What the exercise asks:
Give back the full listing exactly, setting the pictures aside.

Source material:
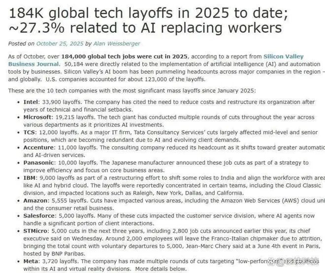 根据硅谷商业周刊(Silicon Valley Business Journal)的报道显示,截至2025年10月份,老美科技大厂裁员超184,000人。
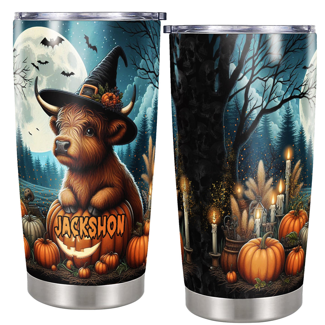 Personalized Highland Cow Halloween Tumbler Custom Name Cows Travel Mug Coffee Insulated Cup with Lid Stainless Steel 20Oz 30Oz Gifts for Women Men Girls Spooky Season
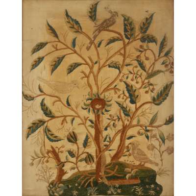 GEORGIAN SILK NEEDLEWORK 'TREE OF LIFE' PICTURE
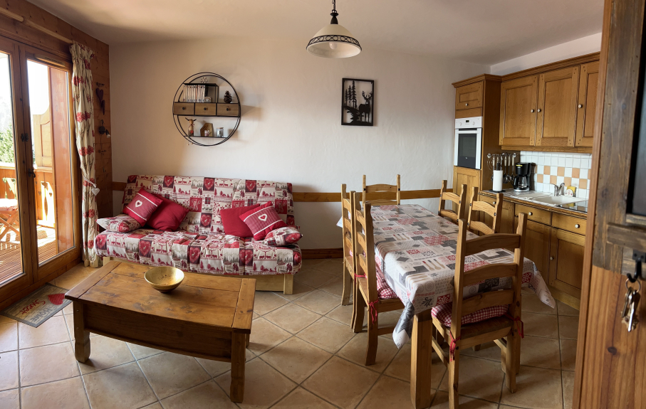 Très bel appartement 3 pièces de 40 m² pour 4 à 6 personnes situé au rez de chaussée de la résidence "Les Fermes du Beaufortain", à Bisanne 1500.
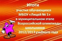 Итоги ПОБЕД МБОУ "Лицей № 1" в муниципальных предметных олимпиадах 2012-2013 учебного года. 12.01.2013

Exercise solution:
 根据硅谷商业周刊(Silicon Valley Business Journal)的报道显示,截至2025年10月份,老美科技大厂裁员超184,000人。
 Personalized Highland Cow Halloween Tumbler Custom Name Cows Travel Mug Coffee Insulated Cup with Lid Stainless Steel 20Oz 30Oz Gifts for Women Men Girls Spooky Season
 GEORGIAN SILK NEEDLEWORK 'TREE OF LIFE' PICTURE
 Très bel appartement 3 pièces de 40 m² pour 4 à 6 personnes situé au rez de chaussée de la résidence "Les Fermes du Beaufortain", à Bisanne 1500.
 Итоги ПОБЕД МБОУ "Лицей № 1" в муниципальных предметных олимпиадах 2012-2013 учебного года. 12.01.2013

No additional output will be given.